The system in action

We deployed the system comprising a set of 6 nodes - 5 insurers and 1 user, running a Proof-of-Authority Ethereum network. These parties run QED‐it nodes and have the ability to generate these proofs, using our own efficient data validity proofs and to generate the tax proof using ZoKrates.

The nodes are easily deployable using Docker and are exposing an HTTP API to be easily integrated with.

Along with its node, comes QED-it’s explorer tool, that realizes our vision of a ZKP monitoring system and allows operators of nodes to monitor the activity of their nodes, just like a block explorer allows one to monitor a blockchain.
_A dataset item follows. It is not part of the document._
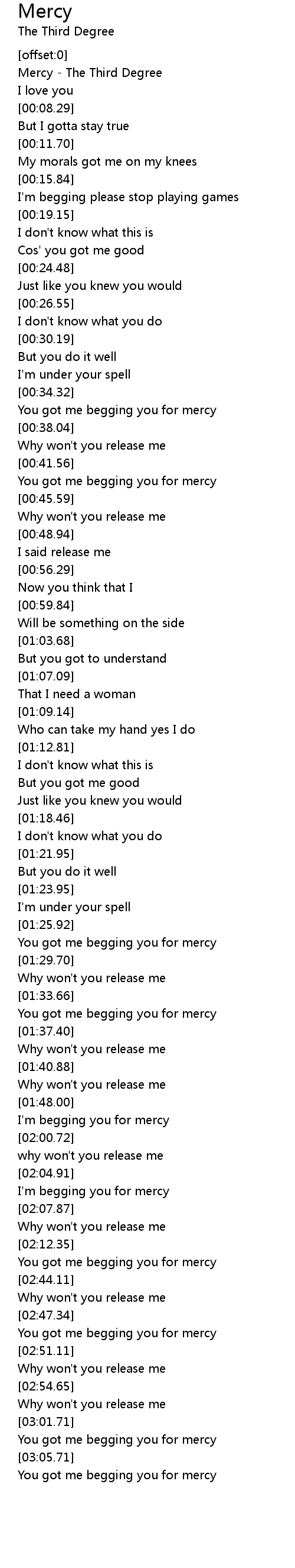 You got me begging you for mercy |

This is how the process looks like there:

  • Data report by an insurer: Data report
  • Commitment publish by an insurer: Commitment publish
  • Tax calculation result: Audit

Challenges

This project uses bleeding-edge technology, and as you can imagine, it posed a few challenges:

  1. The smart contract implementing the autonomic verifier has to maintain a history of “known merkle roots” - each time a commitment is published to the contract, the new root should be calculated and kept.
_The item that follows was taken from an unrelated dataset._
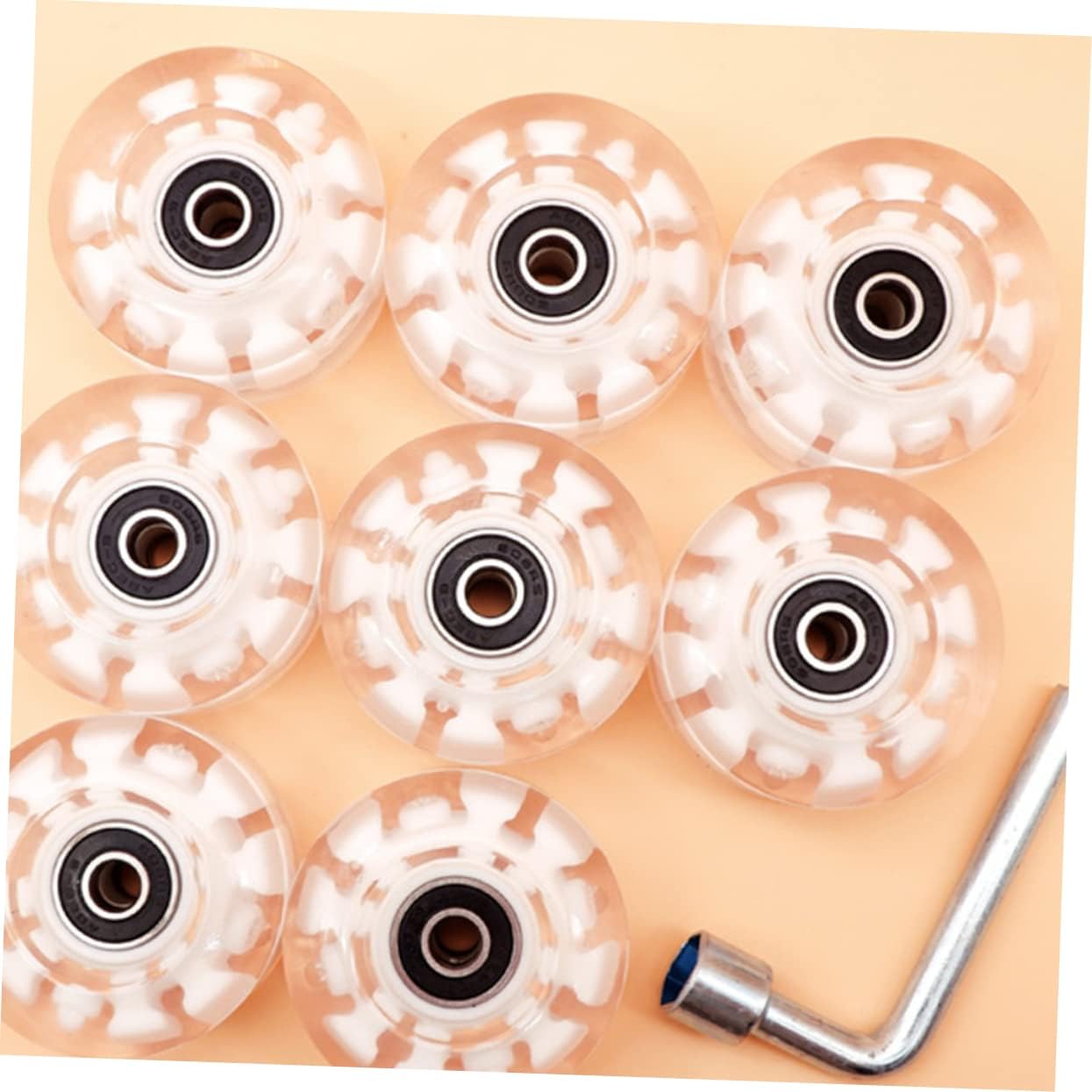 Package Include 8 1 x wrench Features - Material: PU Light Up Skating Wheels. - Size: 5.40X5.40X3.20cm/2.12X2.12X1.26inch Useful Skateboard Wheels. - Help to the comfort of your skating. It is also the great for your friends and Skate Wheels. - With design, it is fashionable and easy to use, convenient and for you Double-row Wheels. - Decorate your roller skate or skateboard with these wonderful and simple wheels Ice Skates Wheel. - With the lighting design, the will like it so much Street Skateboard Wheels. - Made from material, it is Skating Supply.Goods InformationDouble-row Wheels Work well with both flat road and ramp.Useful Skateboard Wheels With fine and wonderful detail, your skates will be sliding smoothly on the street.Ice Skates Wheels This roller skate wheel, made of material, is and use.Skateboard Wheel Suitable for beginners and professionals

Doing this naively is an issue - as this is an incremental tree, commitments are never deleted, so it’s best to use as large as possible tree. We chose a tree of depth 30, supporting about a billion of commitments. Managing this large a tree directly in a smart contract is not practical.

To cope with that, we implemented an efficient incremental merkle tree in Solidity.
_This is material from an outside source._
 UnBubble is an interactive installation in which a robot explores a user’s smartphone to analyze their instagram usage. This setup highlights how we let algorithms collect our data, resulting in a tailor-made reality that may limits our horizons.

  1. The gas requirements for the pairing operations needed to verify proofs are pretty high - verifying a single proof consumes about 2 million gas.

This is where the different trade-offs between the systems come into friction - on the one hand, modularization of proofs allows for more versatile, practical and secure proofs, and on the other hand, we would like to minimize the amount of gas used in the contract.

There are possibilities to make good trade-offs - using different modularization techniques, combining proofs using Proof-Carrying Data and many more. In a private Ethereum network, it even becomes a non-issue, with the ability to introduce new precompiles.

Also, there are proposals to decrease the amount of gas, which will improve this situation.

  1. The glue component in the tax proof requires the use of hashes in ZoKrates. We have made efforts to integrate efficient external circuits and are hoping to collaborate with the ZoKrates team to make more integration possibilities a reality.

Summary

In this post, we’ve seen an end-to-end zero-knowledge system to allow real-time taxation with exposing the user’s private data. This is just scratching the surface of the possibilities of practically using zero-knowledge proofs and other privacy preserving tools, in which we specialize in QED‐it.

Of course, many technical details have been omitted for brevity, and there’s much more to the story. I invite you to write to us at [email protected] to learn more about the SDK.

If you’re attending ZCon0, you’re welcome to meet some of our team and attend our CEO’s talk about “Zero Knowledge In The Enterprise” on day 2 at 9:10AM and the ZKProof workshop on the same day at 1PM, lead by our Daniel Benarroch and Eran Tromer.

We are also hiring!

I hope this has been enjoyable, and that it ignites the imagination as to what is now possible in a privacy preserving world!